Die Bewertungen des IGeL-Monitors basieren auf den Methoden der Evidenzbasierten Medizin (EbM). Das heißt: Für die Bewertung von Nutzen und Schaden einer IGeL-Leistung recherchiert das Team aus Medizinern und Methodikern beim MDS in medizinischen Datenbanken. Die Wissenschaftler tragen die Informationen nach einer definierten Vorgehensweise zusammen und werten sie systematisch aus. Das IGeL-Team wägt Nutzen und Schaden gegeneinander ab und fasst das Ergebnis in einer Bewertungsaussage zusammen, die von „positiv“, „tendenziell positiv“ und „unklar“ bis zu „tendenziell negativ“ und „negativ“ reicht. Alle Analyseschritte einer Bewertung sind auf dem IGeL-Monitor dokumentiert. Jede bewertete IGeL wird in mehreren Ebenen dargestellt, die von Stufe zu Stufe ausführlicher und fachlicher wer-den: von der zusammenfassenden Bewertungsaussage bis hin zu den für ein Fachpublikum hinterlegten Ergebnissen der wissenschaftlichen Recherche und Analyse. Versicherte erfahren außerdem, welche Leistungen von den gesetzlichen Krankenkassen bei den Beschwerden übernommen werden, für die der Arzt ihnen die IGeL-Leistung anbietet. Sie erhalten auch Auskunft über die Preisspanne, zu der eine IGeL angeboten wird. Und schließlich gibt der IGeL-Monitor Tipps, wie sich Versicherte im konkreten Fall verhalten können, wenn ihnen IGeL angeboten werden.

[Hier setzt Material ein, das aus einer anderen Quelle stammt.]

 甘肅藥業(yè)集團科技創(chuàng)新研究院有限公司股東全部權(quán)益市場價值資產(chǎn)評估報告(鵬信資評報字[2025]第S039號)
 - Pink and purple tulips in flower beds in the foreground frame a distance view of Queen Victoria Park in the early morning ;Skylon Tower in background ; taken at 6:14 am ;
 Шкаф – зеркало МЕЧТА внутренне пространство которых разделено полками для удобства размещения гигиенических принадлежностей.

Der MDS berät den GKV-Spitzenverband in allen medizinischen und pflegerischen Fragen, die diesem qua Gesetz zugewiesen sind. Er koordiniert und fördert die Durchführung der Aufgaben und die Zusammenarbeit der Medizinischen Dienste der Krankenversicherung (MDK) auf Landesebene in medizinischen und organisatorischen Fragen

Gutverdiener bekommen vom Arzt besonders häufig IGeL-Leistung angeboten

Quelle "Grafik: Techniker Krankenkasse"

Quelle „Grafik: Techniker Krankenkasse“

 

Im Schnitt haben sieben von zehn gesetzlich Versicherten mit einem monatlichen Haushaltsnettoeinkommen von mehr als 3.000 Euro mindestens einmal eine IGeL-Leistung vom Arzt angeboten bekommen. Bei Befragten mit einem Einkommen unter 1.5000 Euro sind es vier von zehn. Das zeigt der TK-Meinungspuls 2016. Betrachtet man das Geschlecht der Versicherten, erhalten Frauen häufiger als Männer eine Selbstzahler-Leistung angeboten (55 zu 45 Prozent).

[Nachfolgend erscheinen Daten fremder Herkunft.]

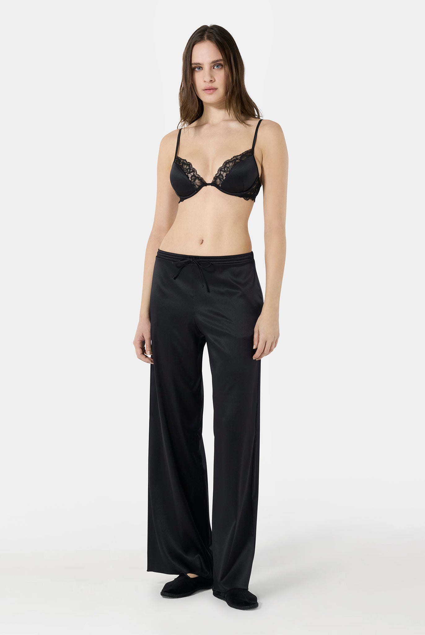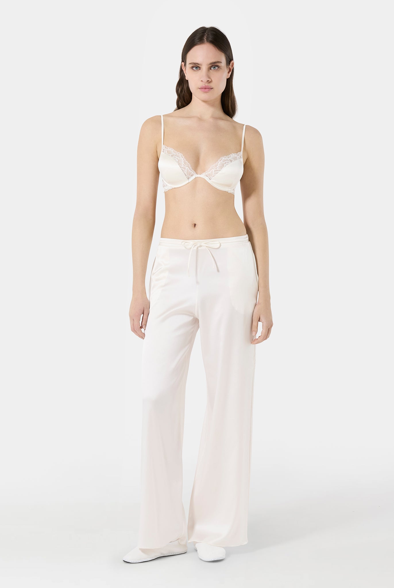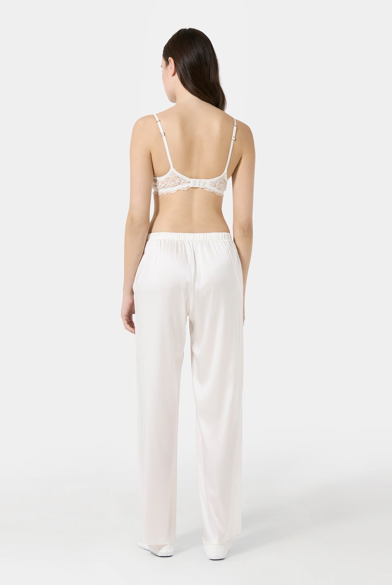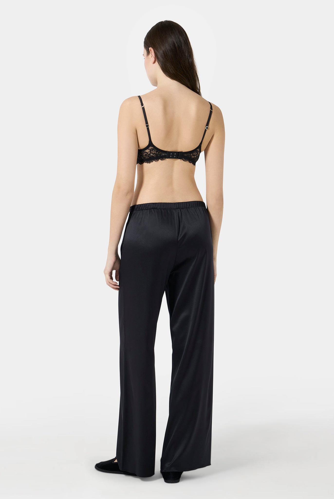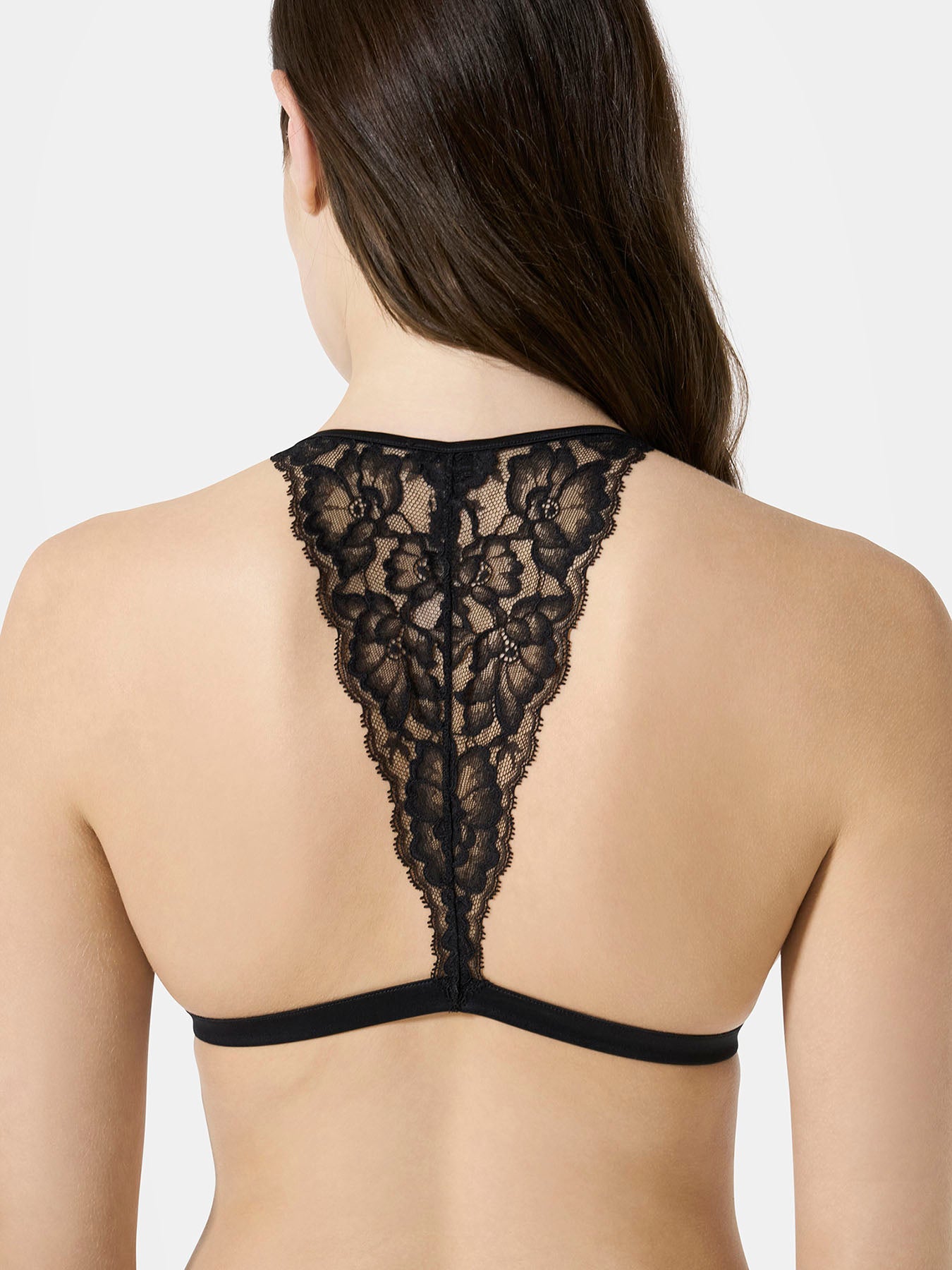 Triangle bra in Leavers lace with a front metal clasp and a fully lace back. An elegant and sensual design that blends refined sheerness with contemporary details. Lightweight and comfortable, it embraces the silhouette with delicacy, enhancing femininity in a natural way.
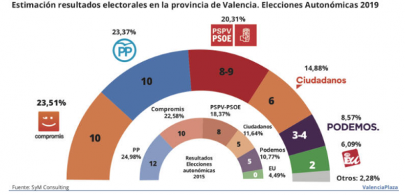 Encuesta de SyM para Valencia Plaza y Alicante Plaza para las elecciones autonómicas en la comunidad valenciana. La encuesta introduce cambios, con un empate técnico entre Compromís y el Partido Socialista, subida de Ciudadanos, bajada del PP y reajuste dentro de Unidos Podemos a favor de IU y en contra de Podemos.
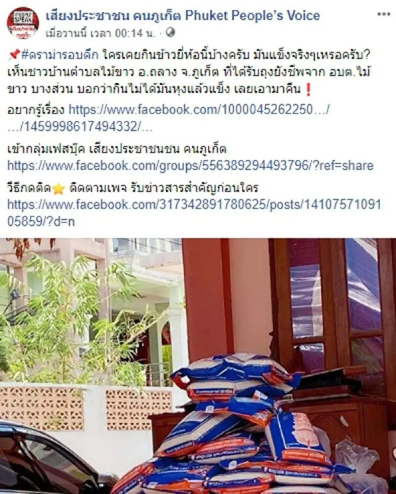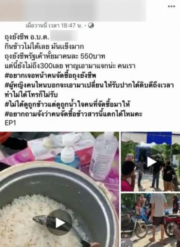 จากกรณีที่มีผู้ใช้เฟซบุ๊กรายหนึ่ง โพสต์ภาพขณะหุงข้าว พร้อมระบุว่า ถุงยังชีพ อ.บ.ต. แห่งหนึ่ง กินข้าวไม่ได้เลย มันแข็งมาก ถุงยังชีพรัฐเขาให้มาคนละ 550 บาท แต่นี่ยังไม่ถึง 300 เลย หาเอามาแจกนะคนเรา อยากเจอหน้าคนจัดซื้อถุงยังชีพ ผู้หญิงคนไหนบอกจะเอามาเปลี่ยนให้รับปากได้ดิบดีถึงเวลาทำไม่ได้โทรไม่รับ ไม่ได้ดูถูกข้าวแต่ดูถูกน้ำใจคนที่จัดซื้อมาให้ อยากถามจังว่าคนจัดซื้อข้าวสารนี้กินได้ไหมคะ

IGeL-Leistungen: Jeder dritte Patient ohne schriftliche Vereinbarung

Mehr als jeder dritte Patient (36 Prozent) bekommt nichts Schriftliches in die Hand, wenn er beim Arzt eine sogenannte Individuelle Gesundheitsleistung (IGeL) in Anspruch nimmt. Das zeigt der TK-Meinungspuls 2016. IGeL gehören per Gesetz nicht zum Katalog der Krankenkassen und müssen privat gezahlt werden. Generell gilt: Der Arzt ist verpflichtet, den Patienten vor Beginn der Behandlung schriftlich über die Kosten zu informieren und mit ihm einen schriftlichen Behandlungsvertrag abzuschließen.